Maybe a hoax. Who wants to go for a swim :lol:


----------



## paulo (Nov 1, 2007)

Breambo.. warning headed.. Extra battery for shark shield packed.. brown daks in too. :shock:    
I dunno about great white sharks but 3 years back I was on my annual 4 day charter off Fraser Island. We lost about a half dozen good fish when a huge black shadow rose slowly from the depths 2 foot off the back of the boat. Everyone took an involuntary step back from the transom and my cods went north like a rat up a drain pipe. You know the feeling when you look out over a cliff. 
The back of the boat was exactly 20 ft wide. All ten people on board agreed it was a good few feet longer than the width of the transom. That puts it around 6-7 metres in length. It was a tiger shark. It was almost 2 metres across the scone and if it wanted to have a go at us it would have done some real damage. Scared the absolute crap out of me. Don't whites grow larger than tigers do?
I cant even imaging something that size pulling up along side the yak, let alone a white that will really take an interest in you. I saw a photo on the forum of dugout sitting on a life size replica of a salty croc they once captured at 37ft. That thing looked like a tour bus. Id hate to meet one of those.


----------



## colzinho (Aug 6, 2007)

Q (reporter) Did you get a positive ID on the species of shark?
A (fisho) No 
Story: white pointer for sure

Q How long was the shark
A I dunno, maybe about 3 metres
Story: Jaws IV


----------



## rawprawn (Aug 31, 2005)

As some of you know this is the lake I live and fish on (out last Sunday with my son). A few years ago a couple of young baby GWs got caught up in the nets, they only reported catching one. We all asked at the time where's mum? I have the photo at home somewhere of the one caught. There are no fishermen or tourists to scare off this time of year so it's unlikely to be a hoax however I think the size reported is wrong at least I hope it is :shock: I have heard it was about 10 foot. I just might have to rig up a big heavier this weekend ;-)


----------



## wopfish (Dec 4, 2006)

I remember seeing the photo myself of baby and thinking exactly the same about mum and dad and gradndad and uncle :shock: :shock: :shock: :shock: :shock: :shock: :shock: !!!!!


----------



## rawprawn (Aug 31, 2005)

The lake is only about 2m deep in most places. If it was 7m long it wouldnt be hard to spot. Just look for the wave and the sail passing by :shock: I think it's more likley to be 10 foot.


----------



## dp21 (Mar 22, 2008)

more like tugger's lakes


----------



## Astro (Nov 27, 2006)

Breambo said:


> Maybe a hoax. Who wants to go for a swim :lol:


sure....you first....just hold this big hook for me please.... :twisted:


----------



## mcbigg (Jul 14, 2007)

I'm sure the local RSPCA/Animal Welfare League have got plenty of dogs that need exercising. Swimming is great exercise!

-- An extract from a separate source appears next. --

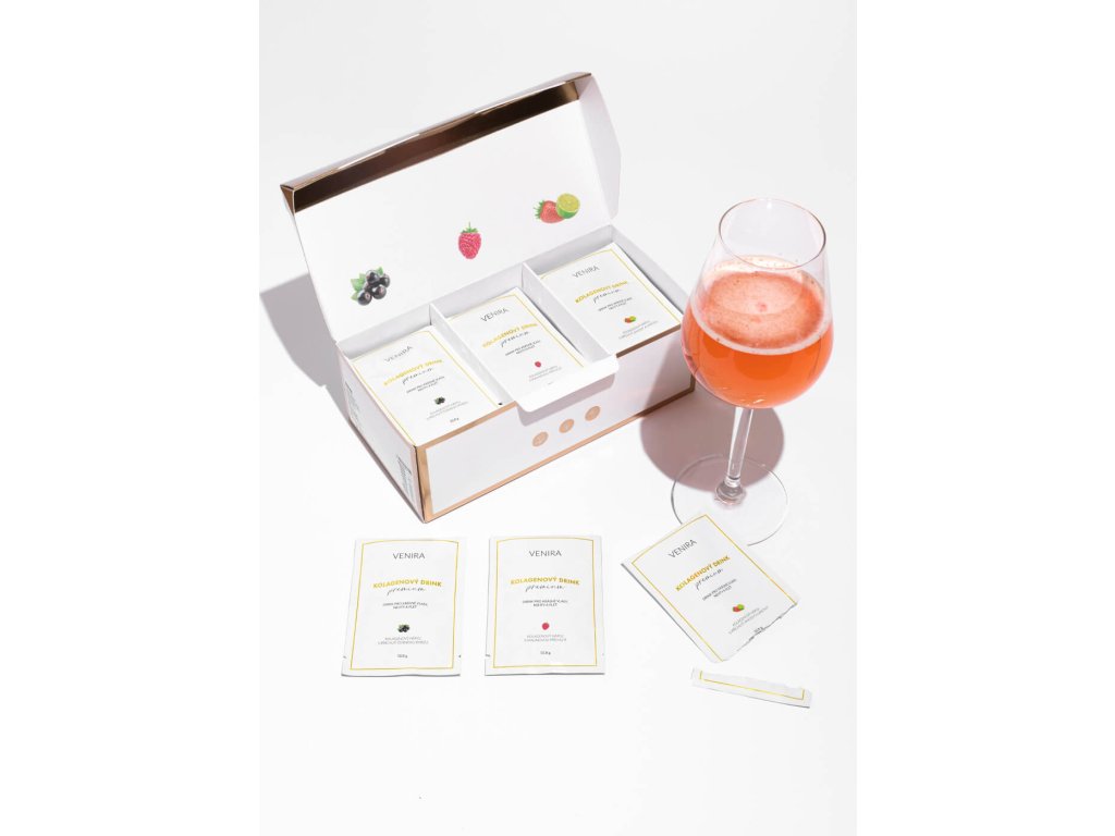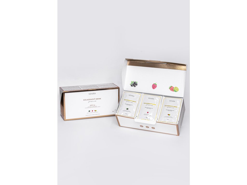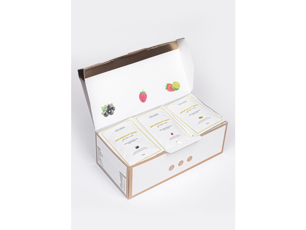 VENIRA PREMIUM kolagenový drink pro vlasy, nehty a pleť, mix příchutí (jahoda-limetka, černý rybíz, malina), 30 sáčků

Just because the lead you use is 300 metres long and attaches to the collar with a large hook, shouldn't be cause for alarming the animal rights people should it?


----------



## wopfish (Dec 4, 2006)

So if sharks could fly - that would be its shadow on the ground ;-)


----------



## SharkNett (Feb 20, 2006)

I have seen a GWS a touch under 5m less than a meter away from a dive cage (at one point there were 4 at once all over 4m). One of the most awesome experiences of my life so far. So much so I plan to do it again in the next couple of years.Would love to see a fully grown one.
When they are just cruising past they almost seem like a big puppy and you feel as if you could reach out and pat them. Then they open that mouth to bite something and you remember why all parts of the diver stay behind the bars.
As has been metioned, the biggest GWS reliably measured was about 6m. There would have to be alot of food to attract a shark that big into 2m of water. They are only capable of short bursts of speed and it would be difficult to use thier patented surprise attack from below in water that shallow.

Rob.


----------



## Breambo (Apr 19, 2006)

occy said:


> Glad to hear it's only around 10 foot long Greg. :shock: That makes a real difference. :roll:


Maybe its one of the "babies" from a couple of years ago, just grown a bit fatter :lol:


----------



## Shorty (May 11, 2008)

I will be taking groups out on guided kayak tours of the lake over the next couple of weekends, i have not decided on the final pricing yet but if anybodys interested it will probally cost you an arm and a leg. :lol:


----------



## MrFaulty (May 15, 2008)

Don't know if its true or a hoax, probably somewhere in between, media and fisherman will stretch a goldfish to a 7m white! Anyway i have some objection to terms like monster being used in the media, it is just a bloody big fish with every much as right to swim in the lake as we do - don't get me wrong, i don't think it is a big puppy that needs a pat. I love fishing and eating fish but I hope it lives and no one targets it as it's only purpose dead will be for some form of compensation for someone who is lacking in other areas (if you get my meaning) - I think it would be a bit tough to eat!


----------



## L3GACY (Sep 2, 2007)

MrFaulty said:


> I think it would be a bit tough to eat!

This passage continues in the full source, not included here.